Additional research is required to identify which genetic variants in the 15q24-25.1 region are associated with a high risk of lung cancer.
Associations of risk alleles with nicotine dependence were not directly tested because the data were not available. Smoking quantity was available; however, no association between smoking quantity and the high-risk alleles was found. The small sample size may have limited the ability to detect a smaller effect size for risk alleles among heterozygotes with familial lung cancer.
From the Editors
Lung cancer can occur sporadically in people with no known family history of lung cancer or it can occur in multiple members of the same family and be designated as familial lung cancer. Evidence of a genetic basis for susceptibility to lung cancer has been demonstrated through genome-wide association studies (1–3) and segregation analyses (4–9). We conducted a genome-wide association study among individuals with a familial history of lung cancer. These individuals are members of families with three or more first-degree relatives with lung cancer that were collected as part of the Genetic Epidemiology of Lung Cancer Consortium (GELCC).
For the genome-wide association study, we genotyped 194 case patients with familial lung cancer and 219 cancer-free control subjects by use of the Affymetrix 500K or Affymetrix Genome-Wide Human SNP Array 6.0 (Santa Clara, CA) (Supplementary Table 1
, available online). To ensure genetic independence among subjects, one case patient with familial lung cancer was chosen from each high-risk lung cancer family. Noncancer control subjects were obtained from a combination of unaffected spouses from GELCC families (n = 36) and of unaffected individuals from the Coriell Institute for Medical Research (Camden, NJ) (n = 11) and the Fernald Medical Monitoring Program (Fernald, OH) (n = 172).
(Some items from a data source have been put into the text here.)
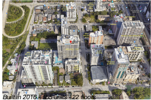
Built in 2016 - 165 units - 22 floors
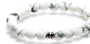
Basic Mat White 8mm
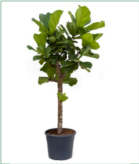
Artcode: 4FILYRS03 Description: Ficus lyrata Form: Stem Pot: 35 Height: 150
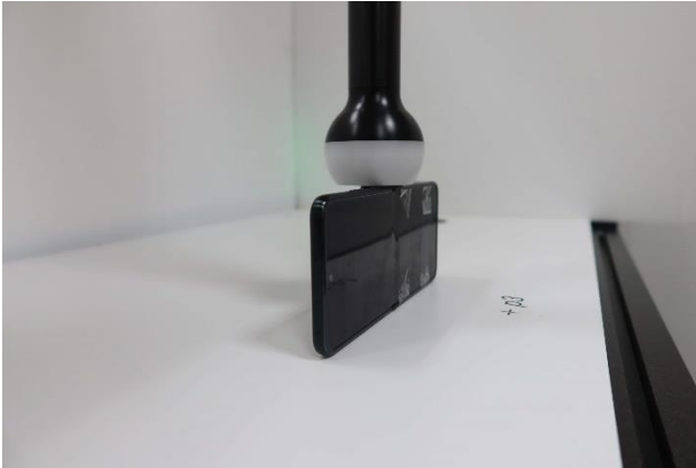
Right Edge_client phone lid be closed test at 0cm
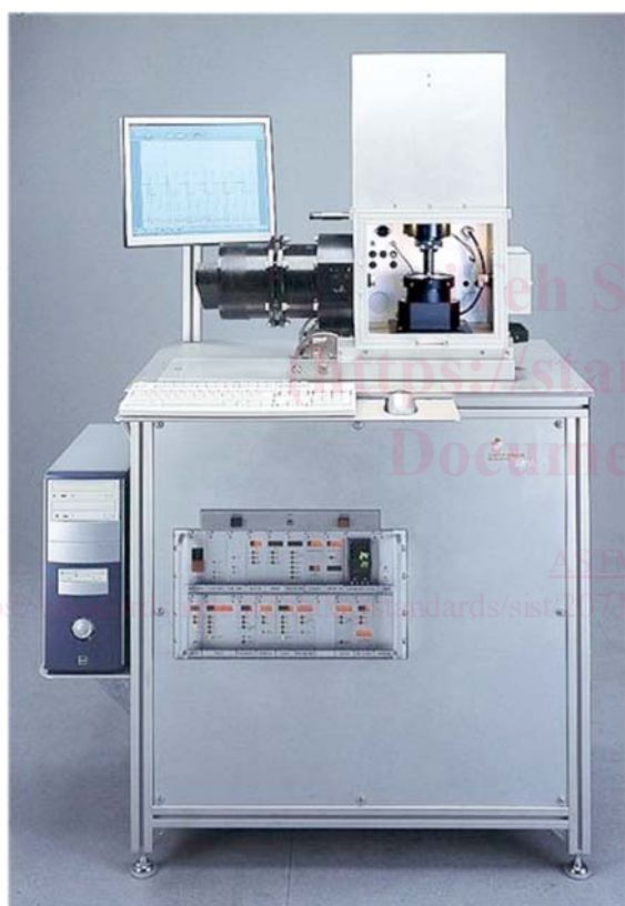
NOTE 1—Above: Model III; Below: Model IV

9.3 Place the grease using a calibration ring while ensuring that the grease is applied to a height of 0.2-0.3 mm above the metal test disk.

These control subjects had no blood relationship with any selected case patients. To minimize possible effects of cigarette smoking and age, smokers with an older age were selected mainly as control subjects, except for spousal control subjects (Supplementary Table 1
, available online). To maintain homogeneous population samples, only Caucasian subjects from the GELCC, Coriell Institute for Medical Research, and the Fernald Medical Monitoring Program were used for the association analysis. Basic characteristics of the GELCC subjects are presented in Supplementary Table 1
(available online). The Texas and UK lung cancer cohorts have been described previously (1
). Written informed consent and institutional review board approval were obtained for all the subjects involved in this study.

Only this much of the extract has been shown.